Such deceit is useful for what the author calls
"identity
transformation" — converting newcomers into good cult members.
Note that the author says that such deceit and fakery is even
"a crucial component" in keeping the old-timers coming back.
So everybody is deceiving everybody else, all of the time.
Everybody is re-enacting "The Emperor's New Clothes".
Note the stilted language and disguised euphemisms.
Instead of saying, "deception and deceit", the author uses
the more scholarly-sounding phrases, "false working" and
"permission to 'act as if' they truly believe in the
NA message".
Rafalovich continued:
"Standing most significant in the literature today is the
concept of
narrative and its effect in creating group cohesion inside and
outside 12-step meetings.
It is believed in the study of 12-step recovery processes that the
mutual disclosures of members fosters processes of belonging and
commitment to the collective goal of drug and alcohol
abstinence. ...
In addition, the study of story presentation has been shown to be
integral in developing moral attachments to a collectivity."
Keep coming back!
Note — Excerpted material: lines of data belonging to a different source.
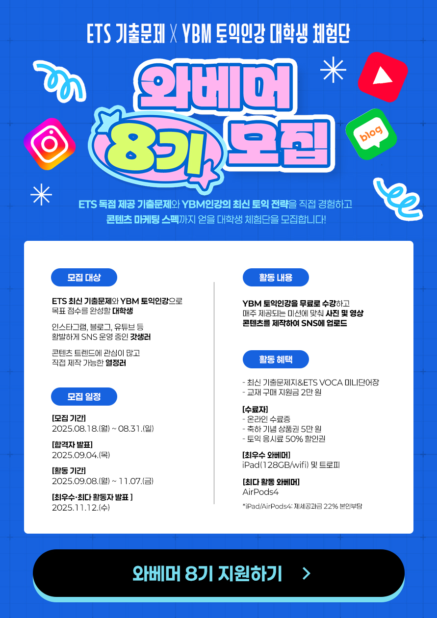 - YBM 토익인강 대학생 체험단 와베머 8기 모집 페이지 접수 (바로가기)
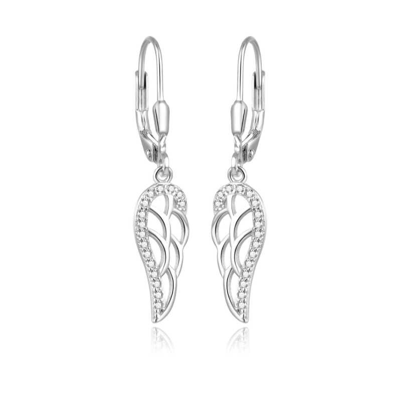 Elegantní stříbrné náušnice s čirými zirkony Andělská křídla AGUC2585L Beneto
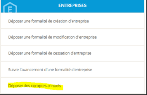 Dès que vos êtes entré dans votre compte ouvert sur le Guichet Unique, cliquez sur « Déposer des comptes annuels ».
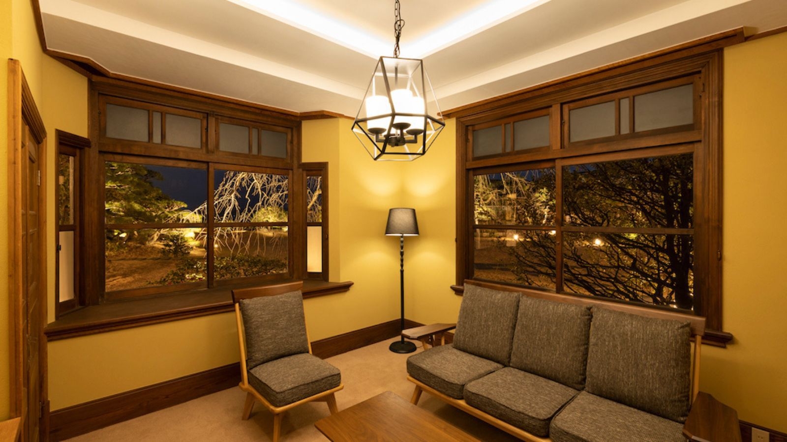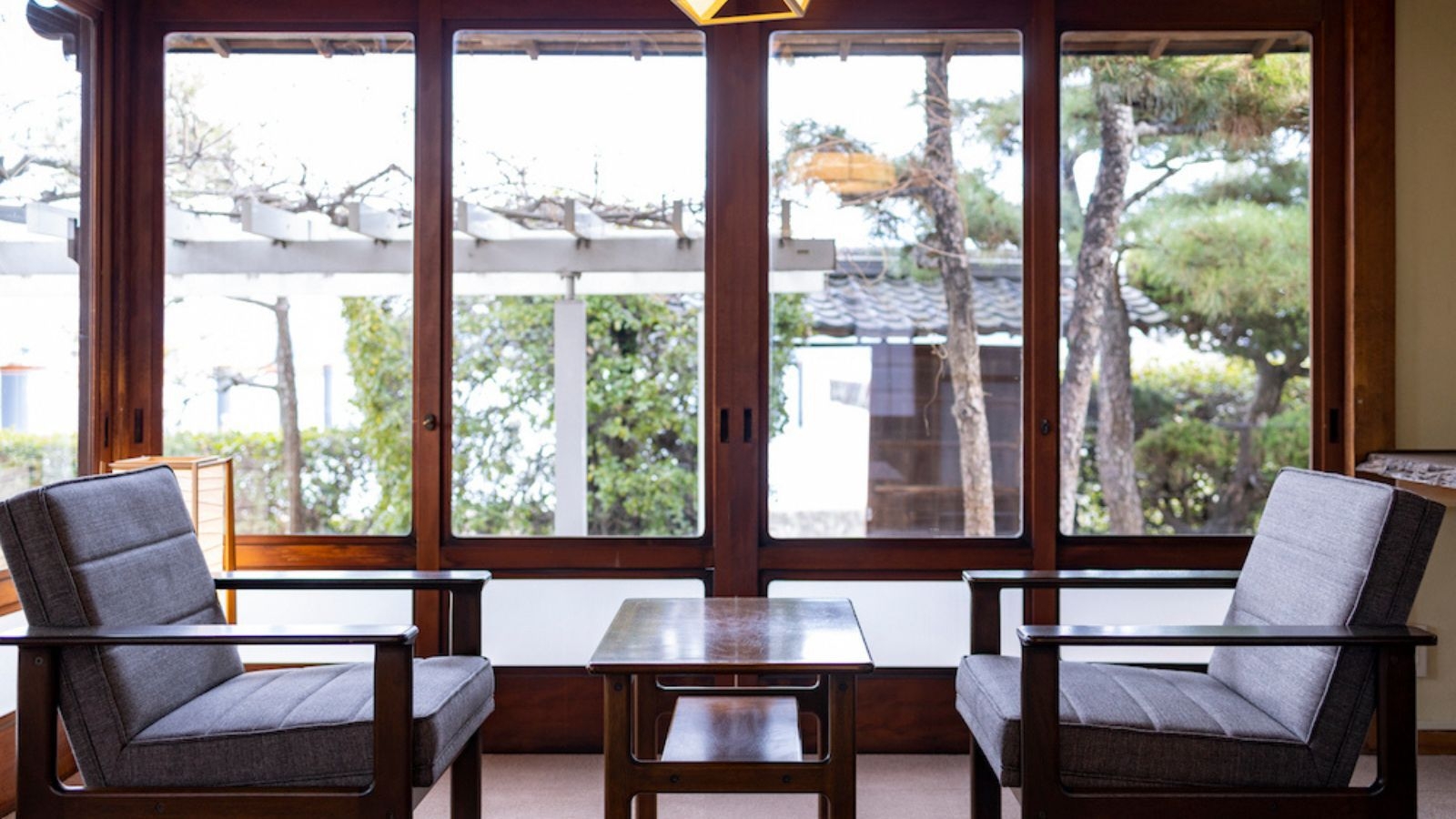 開放的な眺望窓からは施設で唯一庭園を全体的に眺めることが出来る居間と最大2名様までのご案内が可能な寝室。
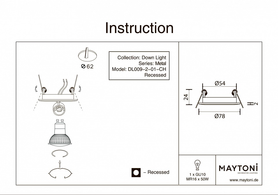 Встраиваемый светильник Maytoni Metal Modern DL009-2-01-CH
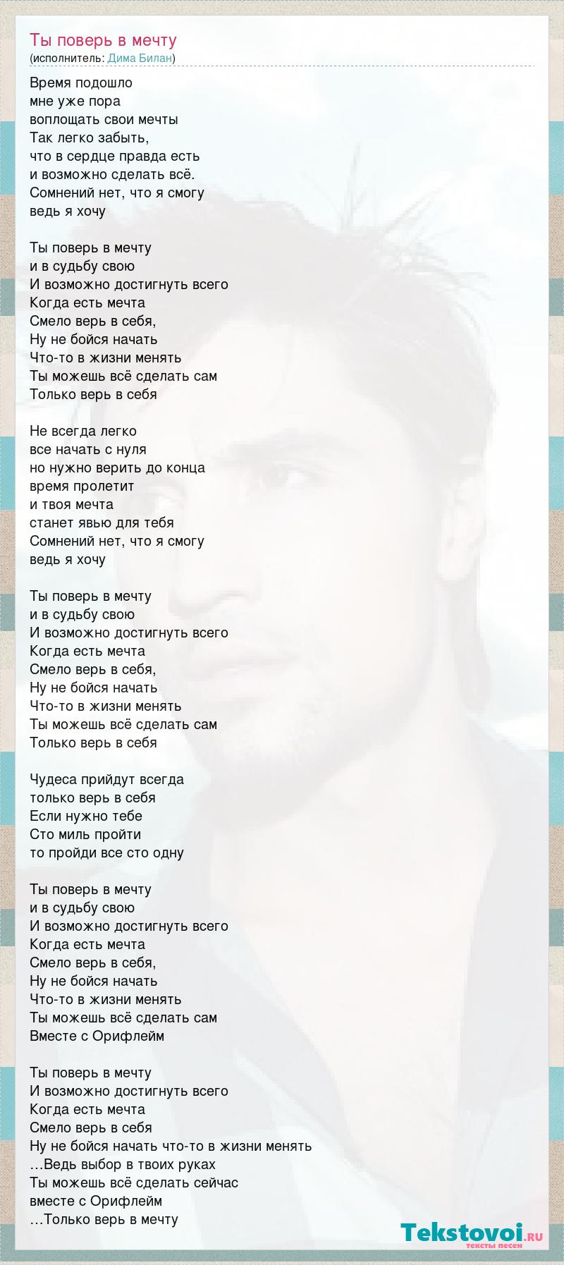 Время подошло мне уже пора воплощать свои мечты Так легко забыть, что в сердце правда есть и возможно сделать всё. Сомнений нет, что я смогу ведь я хочу Ты поверь в мечту и в судьбу свою И возможно достигнуть всего Когда есть мечта Смело верь в себя, Ну не бойся начать Что-то в жизни менять Ты можешь всё сделать сам Только верь в себя Не всегда легко все начать с нуля но нужно верить до конца время пролетит и твоя мечта станет явью для тебя Сомнений нет, что я смогу ведь я хочу Ты поверь в мечту и в судьбу свою И возможно достигнуть всего Когда есть мечта Смело верь в себя, Ну не бойся начать Что-то в жизни менять Ты можешь всё сделать сам Только верь в себя Чудеса прийдут всегда только верь в себя Если нужно тебе Сто миль пройти то пройди все сто одну Ты поверь в мечту и в судьбу свою И возможно достигнуть всего Когда есть мечта Смело верь в себя, Ну не бойся начать Что-то в жизни менять Ты можешь всё сделать сам Вместе с Орифлейм Ты поверь в мечту И возможно достигнуть всего Когда есть мечта Смело верь в себя Ну не бойся начать что-то в жизни менять …Ведь выбор в твоих руках Ты можешь всё сделать сейчас вместе с Орифлейм …Только верь в мечту
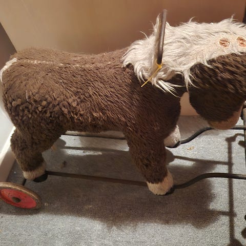 Denne gyngehest er beklædt med beige stof og har en sort manke. Den er monteret på en træramme, som fungerer som gyngeunderlag. Produktet er velegnet til børn til leg og balanceøvelser.
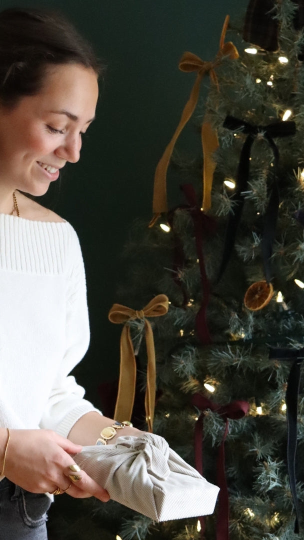 Nos emballages en tissu sont une alternative durable aux emballages traditionnels en papier. Ils sont réutilisables, réduisent les déchets et ajoutent une touche élégante à vos cadeaux. Le furoshiki, inspiré da la méthode de pliage japonaise peut être offert seul ou rehaussé d'un chou à cadeau, d'une boucle ou de garnitures naturelles (oranges séchées, sapinage).

Narcotics Anonymous narrative
and recovering-addict identity, Adam Rafalovich,
Contemporary Drug Problems, Spring 1999, v26, i1.
In other words, use the standard cult recruiting technique of
Personal Testimonies
of Earlier Converts
to change the thinking of the newcomers and suck them into the cult.
Much of the "sharing" is just sales pitches telling
newcomers to join the group and Keep Coming Back.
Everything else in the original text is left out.